Alex has the whole world in front of him, is ready to reach for it, and yet, and yet…
Griffin Theatre is known for showcasing fresh, exciting writing, and UK playwright Simon Stephens’ On the Shore of the Wide World is another fascinating example of this. It’s a tender, grueling familial drama played out over three generations, where the characters all long to escape, but find that the ties that keep them together can also hold them back.

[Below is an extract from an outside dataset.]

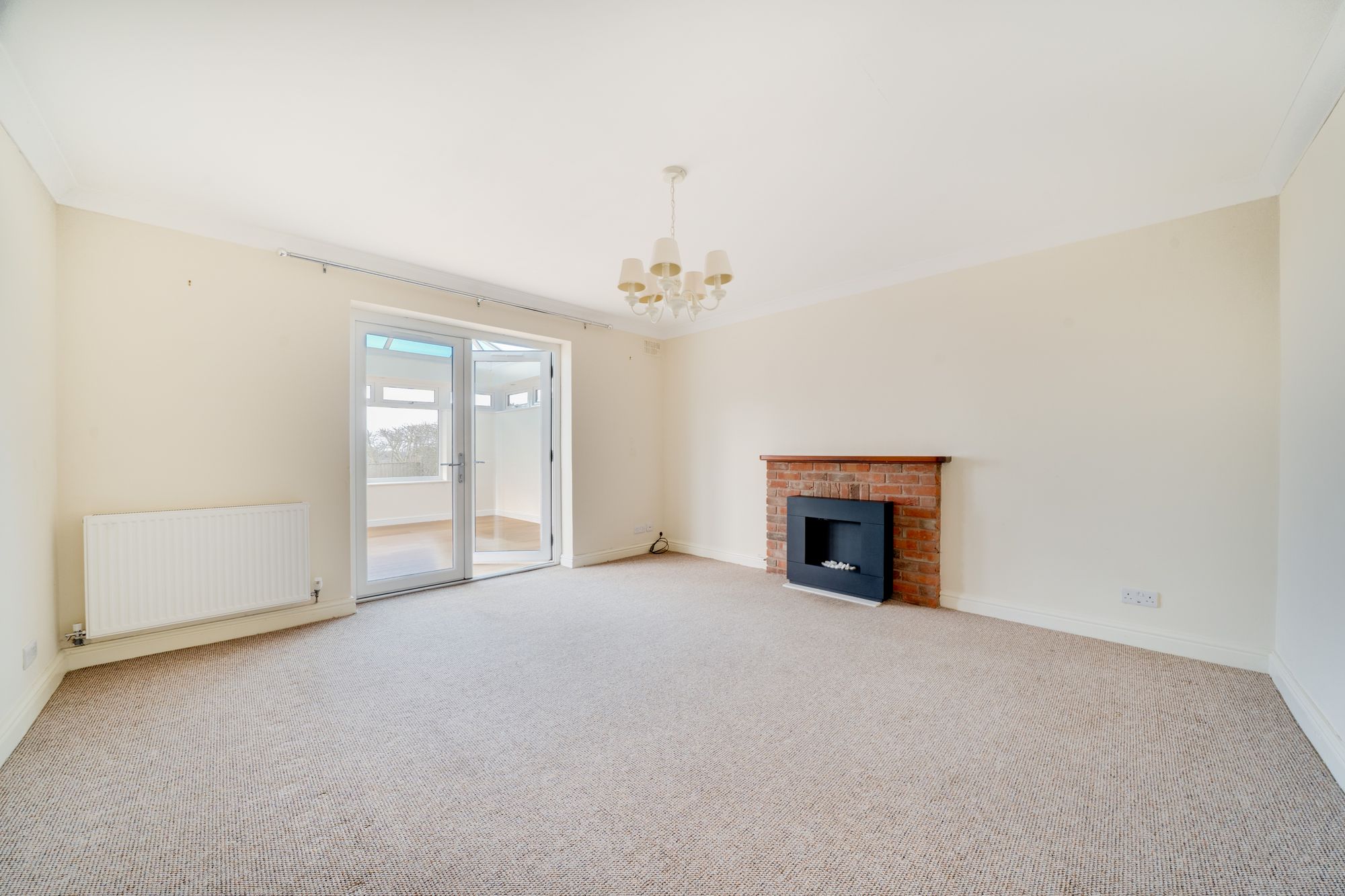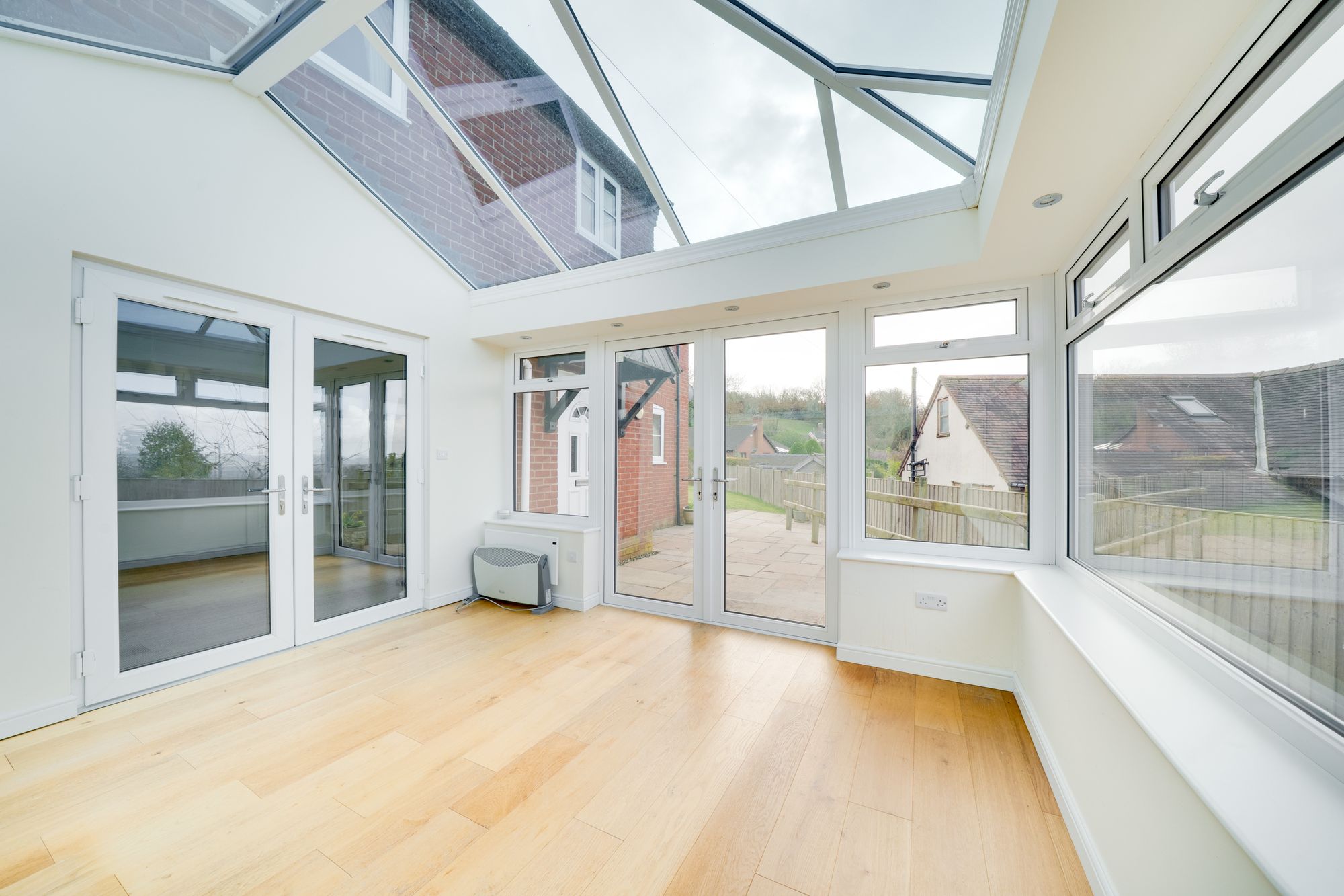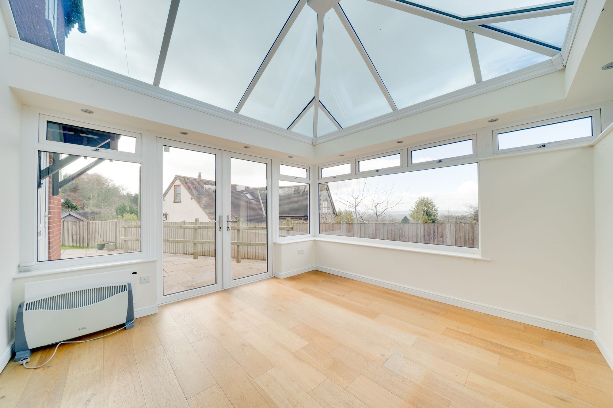 The main living room is a comfortable and well-proportioned space, centred around a feature fireplace, creating a natural focal point. Double doors open through to the conservatory, enhancing the sense of space and flow. The conservatory itself is a standout feature, with a glazed roof and wraparound windows maximising light and enjoying uninterrupted views across the garden and surrounding countryside. French doors lead directly onto the rear terrace, ideal for entertaining and outdoor living.

This production brings together a troupe of very strong performers from the actors’ collective pantsguys, who are engaging throughout; bringing depth to characters that are torn between what they could have had, and what they are faced with now. Though the set is fairly unremarkable, and the musical interludes don’t leave a mark, Anthony Skuse’s direction takes great care with the pacing, ensuring that its emotional impact is gradual and understated. The pathos takes a good while to build; but the reward is that we follow the characters’ trajectories as the plot develops, and avoid feeling like victims of melodrama.
Alex (Graeme McRae) is young, confident, and selfish enough to escape the awful situation at home, but his parents cannot make the same changes, seemingly tied to their town and their grievances without really knowing why. Huw Higginson is truly excellent as the father, Peter, ranging from mousy to both broken- and lion-hearted, and Amanda Stephens-Lee is gripping, and unsettling as the strong but embittered mother. The grandparents (Paul Bertram and Kate Fitzpatrick), whose unhappiness with their splintering relationship seems even more ingrained, provide an historical context for Alex, who is the first in the family to leave town. He has a terrible time in London and, as the prodigal son, returns, though we know it is temporary. Although it lacks a dynamic range at times, On the Shore of the Wide World remains thought-provoking, endearing, and moving.
On The Shore Of The Wide Worldis playing at the Griffin Theatre until Saturday February 1.